■ **Problem description**:
Nothing but the records themselves, exactly as written and free of pictures, should appear in your response.

:::::

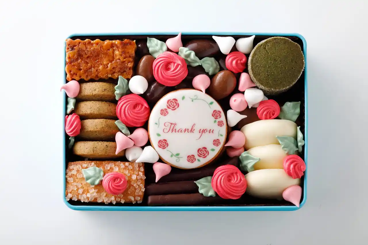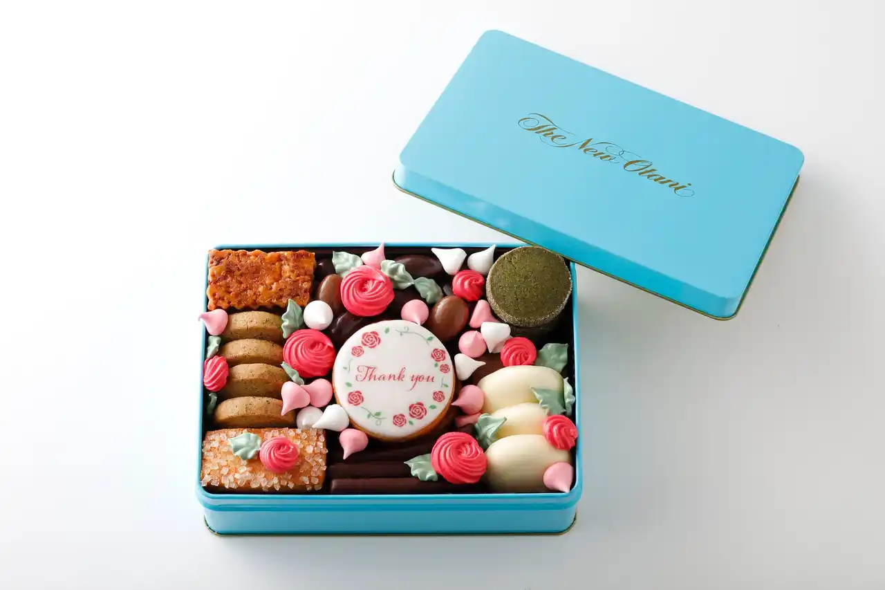 抹茶やアールグレイ、バニラを使用したティータイムにぴったりなクッキーや、ワインとも相性が良い、パルメザンチーズで作られたクッキーはじめ9種類のクッキーと、5種類の濃厚なチョコレート、ローズメレンゲを忍ばせた華やかなクッキー缶『SATSUKIチョコレート&クッキー ~母の日~』が期間限定で登場。缶の蓋を開けると色とりどりの焼き菓子と繊細なローズメレンゲに気分が高まります。中央には、日頃の“ありがとう”という気持ちを綴ったメッセージクッキーをあしらい、見た目も華やかに。「幸せを呼ぶ色」を連想させる“オータニブルー”の缶は、スイーツを食べた後も大切なものを入れておける、いつまでも手元に残しておきたいパッケージに仕上げました。 |
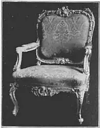 Fig. 13.—Arm-chair of carved and gilt wood with stuffed back, seat and arms. French, Louis XV. style. |
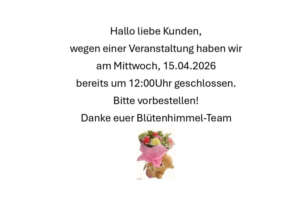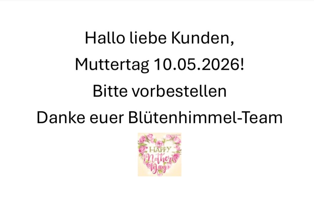 Wir von Blütenhimmel Birgit Weingartner freuen uns auf Ihr Feedback. Veröffentlichen Sie doch eine Rezension in unserem Profil. https://g.page/r/CV1fa5JDLKLQEBE/review
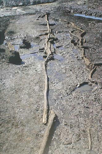 木道が発見されている。木で道の両脇を挟み、枕木や杭でその木道を支えている。西ノ谷(にしの
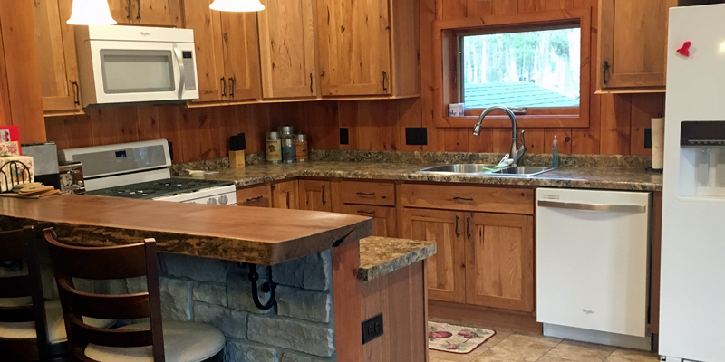 The Homestead's interior has been completely renovated and is now open for rentals. The kitchen is fully equipped with a new stove, microwave, dishwasher, and refrigerator. There is an abundant amount of cabinet and counter space that is fully stocked for all your dining needs! The dining room comfortably seats 8-10 people and also has a breakfast bar that seats 3 more! The living room remains a cozy gathering place around the grand fieldstone wood-burning fireplace. There is plenty of seating to read a good book or two, a 32'' smart TV, and a desk for those who want to bring a laptop.
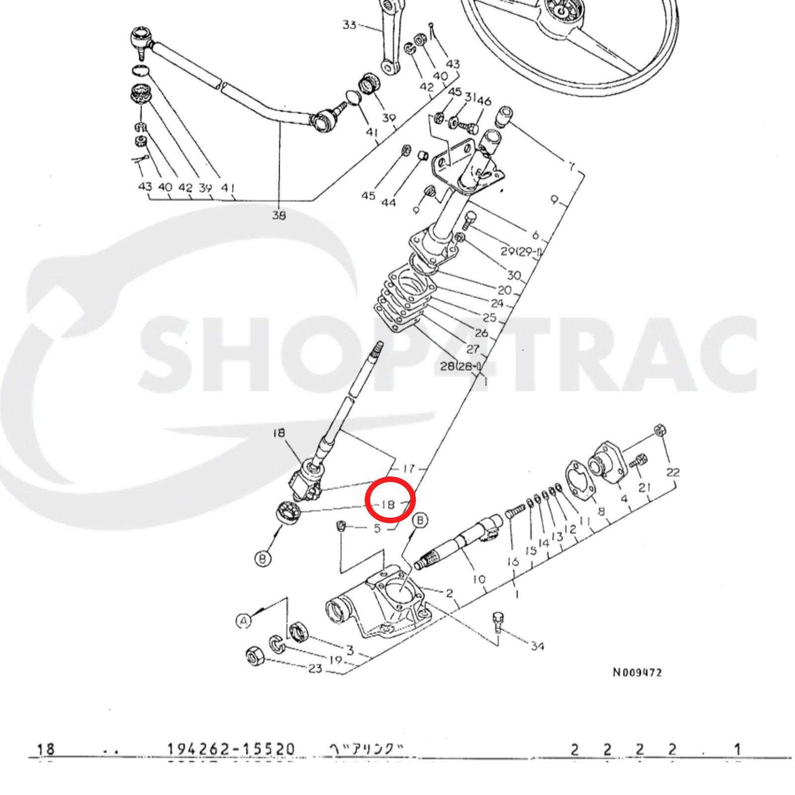 Stuurkolom lager Kubota A serie, B serie | Yanmar
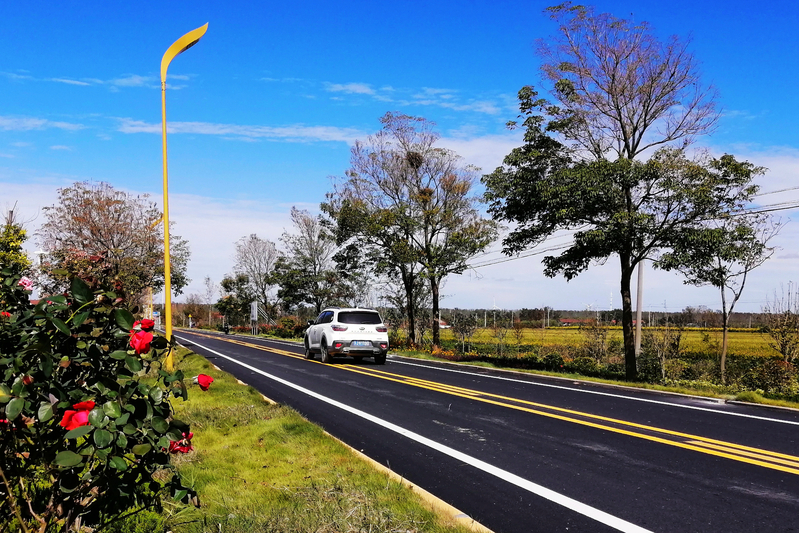场中路是射盐路(射阳县城至盐东镇)的新洋农场路段,黄沙港新洋农场大桥竣工通车后,射盐路也正式开通,这条路从射阳县合德镇为起点,先后经过新洋农场有限公司、射阳县洋马镇、盐城市亭湖区黄尖镇,终点为盐城市亭湖区盐东镇,是射阳县连接盐城市的又一通道。在集团公司的大力支持下,2020年投入六百万多元完成了公里两边绿化带工程。由于原来的水泥路狭窄,且路面损坏严重,对交通安全有一定的隐患,今年又对路面进行翻修,全部铺设沥青路面。公路的一期工程于10月11日顺利完工通车。
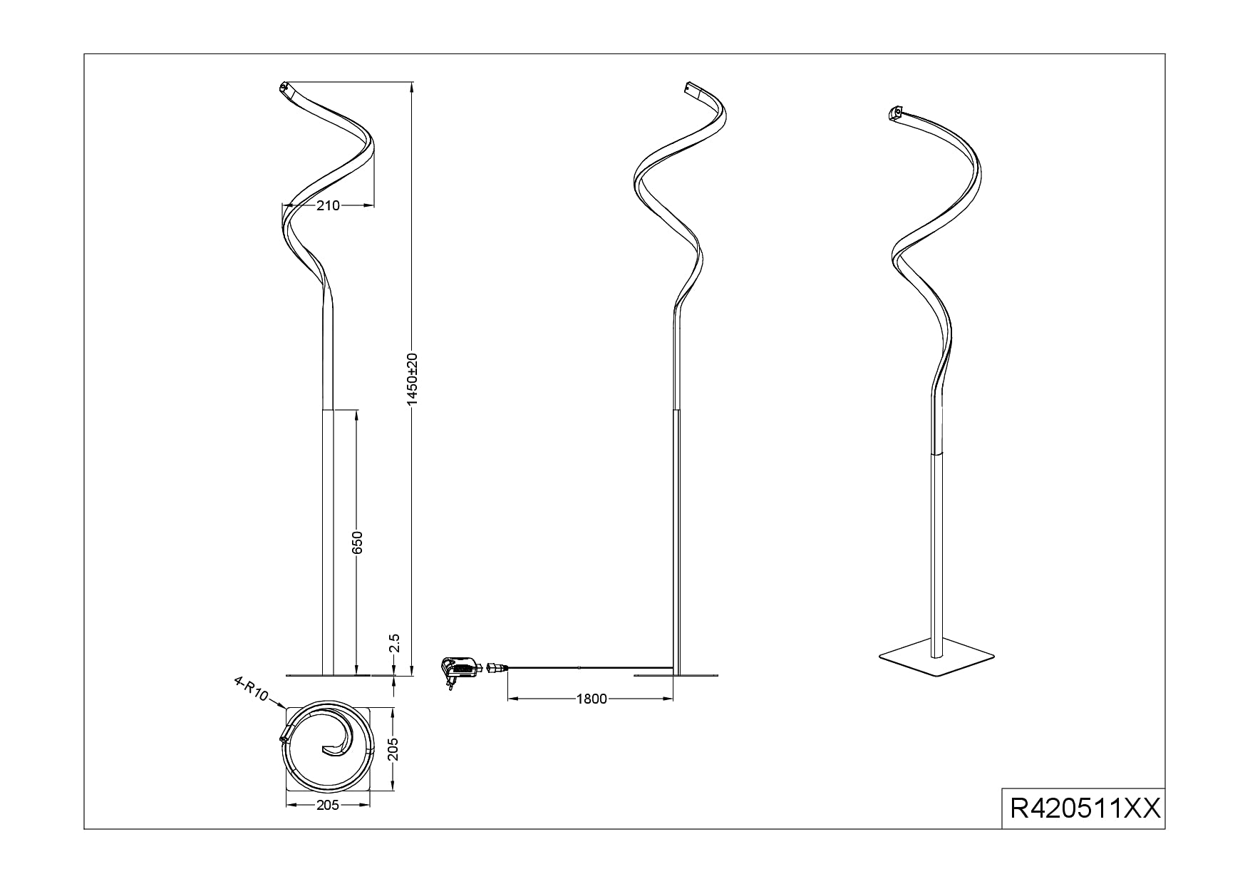 Reality Leuchten Course Lampa Podłogowa, Czarny, ‎20.5 x 20.5 x 145 cm
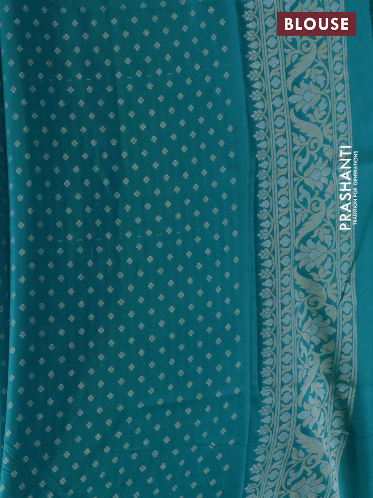 Banarasi semi katan silk saree teal bluish green with zari woven buttas and rich zari woven border
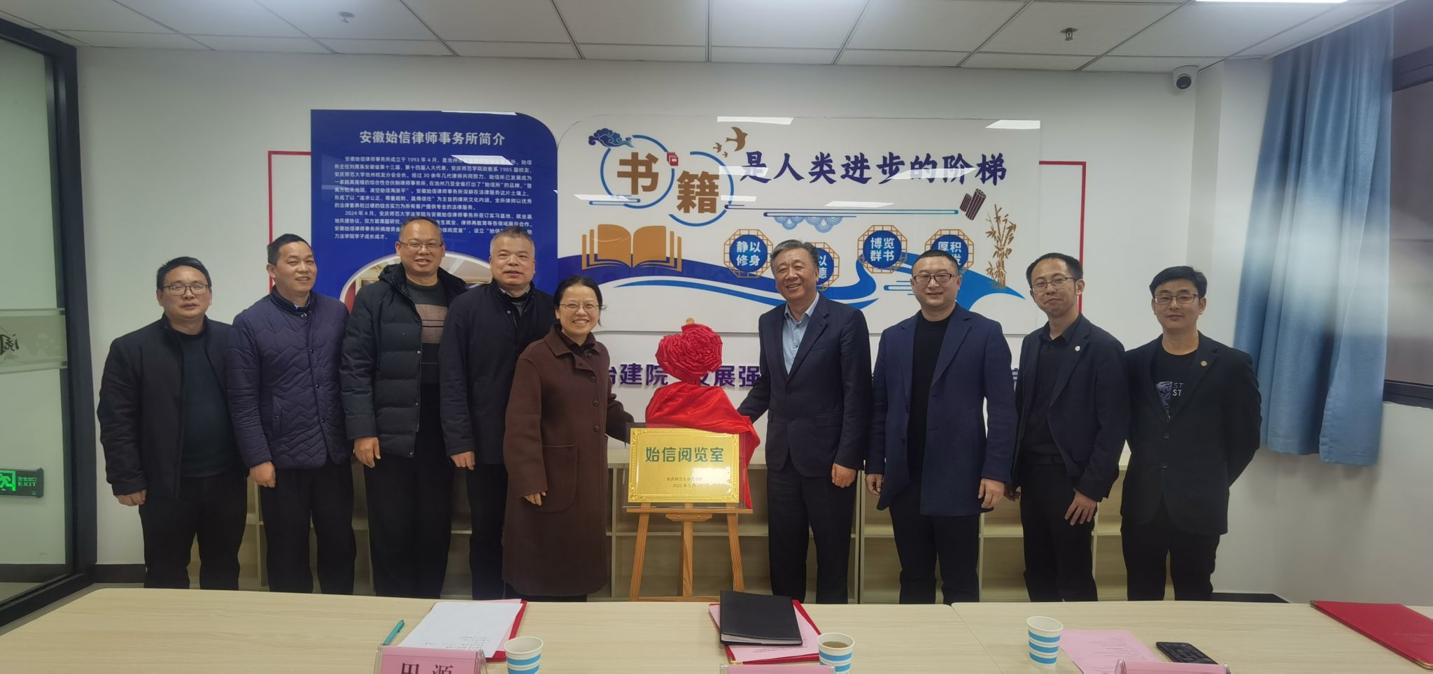 12月3日下午,法学院与安徽始信律师事务所协同育人平台——“始信阅览室”揭牌仪式在法学院四楼举行。学校1985届校友、安徽始信律师事务所主任刘鹰,律所高级合伙人、党支部书记唐开发,律所刑事业务部主任、2014届校友田源以及专职律师刘斌等一行四人返校参会,学校校友会秘书长王开友,法学院党委书记、校友分会会长钱敏,法学院副院长崔汪卫,党委副书记卫功兵,法学院副院长邱少晖,法学院教学秘书、校友分会秘书长李丹及师生代表共30余人参加。仪式由卫功兵主持。
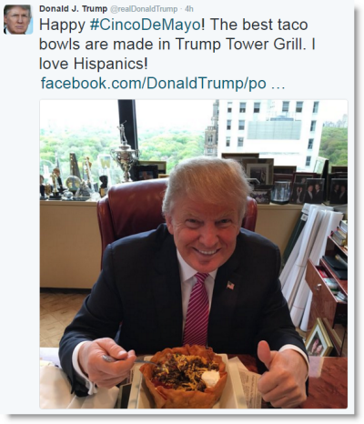Trump obviously did not take the high road, because why start now? “I am not ready to support Speaker Ryan’s agenda,” he said in a statement (young, handsome and telegenic Ryan’s agenda may or may not include trying to snatch the nomination. He says he won’t, but people don’t always mean things like that). But you know who he is willing to support? Hispanics! Except, of course, for the ones in Mexico who would like to come to the US …
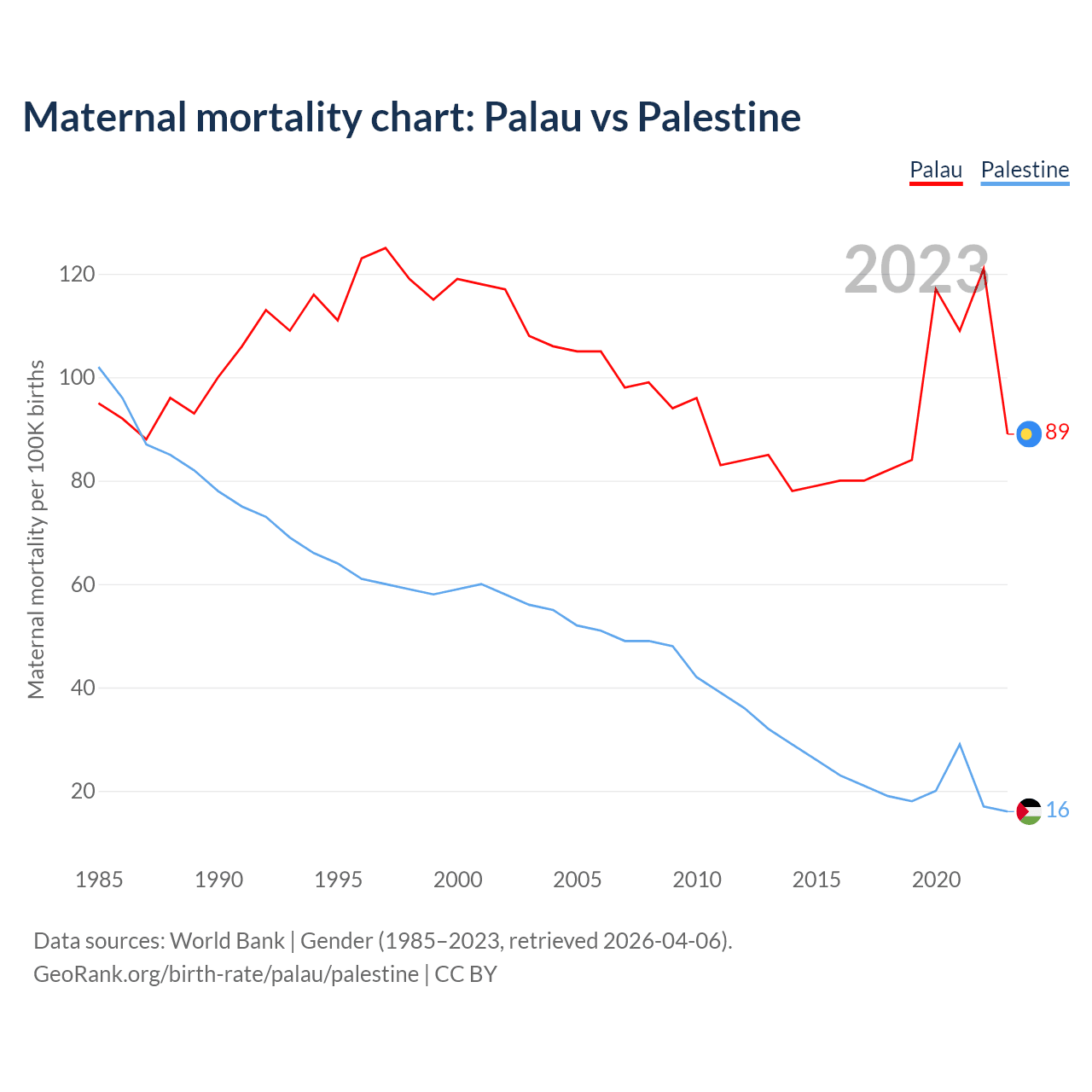 The maternal mortality rate, which is the probability of dying during childbirth or within 42 days of pregnancy termination, is 89 deaths per 100,000 live births in Palau, compared to 16 deaths in Palestine.
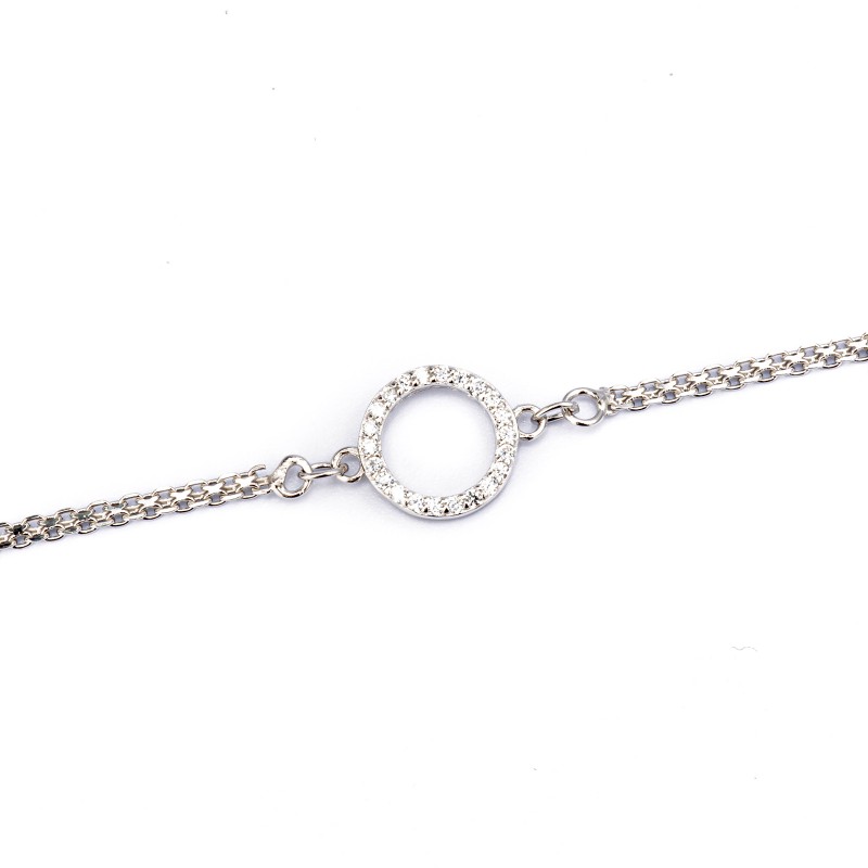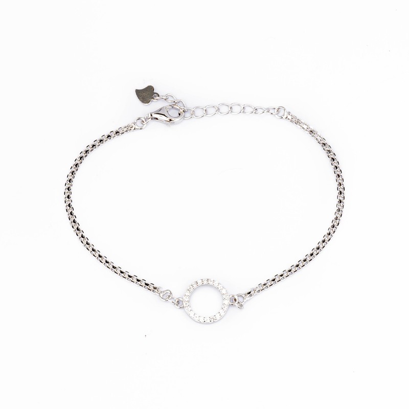 Srebrna bransoletka z okręgiem wypełnionym białymi cyrkoniami. Wykonana z najwyższej jakości srebra próby 925. Fabrycznie nowa.

:::::

■ **Answer box**:
 抹茶やアールグレイ、バニラを使用したティータイムにぴったりなクッキーや、ワインとも相性が良い、パルメザンチーズで作られたクッキーはじめ9種類のクッキーと、5種類の濃厚なチョコレート、ローズメレンゲを忍ばせた華やかなクッキー缶『SATSUKIチョコレート&クッキー ~母の日~』が期間限定で登場。缶の蓋を開けると色とりどりの焼き菓子と繊細なローズメレンゲに気分が高まります。中央には、日頃の“ありがとう”という気持ちを綴ったメッセージクッキーをあしらい、見た目も華やかに。「幸せを呼ぶ色」を連想させる“オータニブルー”の缶は、スイーツを食べた後も大切なものを入れておける、いつまでも手元に残しておきたいパッケージに仕上げました。 |
 Fig. 13.—Arm-chair of carved and gilt wood with stuffed back, seat and arms. French, Louis XV. style. |
 Wir von Blütenhimmel Birgit Weingartner freuen uns auf Ihr Feedback. Veröffentlichen Sie doch eine Rezension in unserem Profil. https://g.page/r/CV1fa5JDLKLQEBE/review
 木道が発見されている。木で道の両脇を挟み、枕木や杭でその木道を支えている。西ノ谷(にしの
 The Homestead's interior has been completely renovated and is now open for rentals. The kitchen is fully equipped with a new stove, microwave, dishwasher, and refrigerator. There is an abundant amount of cabinet and counter space that is fully stocked for all your dining needs! The dining room comfortably seats 8-10 people and also has a breakfast bar that seats 3 more! The living room remains a cozy gathering place around the grand fieldstone wood-burning fireplace. There is plenty of seating to read a good book or two, a 32'' smart TV, and a desk for those who want to bring a laptop.
 Stuurkolom lager Kubota A serie, B serie | Yanmar
场中路是射盐路(射阳县城至盐东镇)的新洋农场路段,黄沙港新洋农场大桥竣工通车后,射盐路也正式开通,这条路从射阳县合德镇为起点,先后经过新洋农场有限公司、射阳县洋马镇、盐城市亭湖区黄尖镇,终点为盐城市亭湖区盐东镇,是射阳县连接盐城市的又一通道。在集团公司的大力支持下,2020年投入六百万多元完成了公里两边绿化带工程。由于原来的水泥路狭窄,且路面损坏严重,对交通安全有一定的隐患,今年又对路面进行翻修,全部铺设沥青路面。公路的一期工程于10月11日顺利完工通车。
 Reality Leuchten Course Lampa Podłogowa, Czarny, ‎20.5 x 20.5 x 145 cm
 Banarasi semi katan silk saree teal bluish green with zari woven buttas and rich zari woven border
 12月3日下午,法学院与安徽始信律师事务所协同育人平台——“始信阅览室”揭牌仪式在法学院四楼举行。学校1985届校友、安徽始信律师事务所主任刘鹰,律所高级合伙人、党支部书记唐开发,律所刑事业务部主任、2014届校友田源以及专职律师刘斌等一行四人返校参会,学校校友会秘书长王开友,法学院党委书记、校友分会会长钱敏,法学院副院长崔汪卫,党委副书记卫功兵,法学院副院长邱少晖,法学院教学秘书、校友分会秘书长李丹及师生代表共30余人参加。仪式由卫功兵主持。
Trump obviously did not take the high road, because why start now? “I am not ready to support Speaker Ryan’s agenda,” he said in a statement (young, handsome and telegenic Ryan’s agenda may or may not include trying to snatch the nomination. He says he won’t, but people don’t always mean things like that). But you know who he is willing to support? Hispanics! Except, of course, for the ones in Mexico who would like to come to the US …
 The maternal mortality rate, which is the probability of dying during childbirth or within 42 days of pregnancy termination, is 89 deaths per 100,000 live births in Palau, compared to 16 deaths in Palestine.
 Srebrna bransoletka z okręgiem wypełnionym białymi cyrkoniami. Wykonana z najwyższej jakości srebra próby 925. Fabrycznie nowa.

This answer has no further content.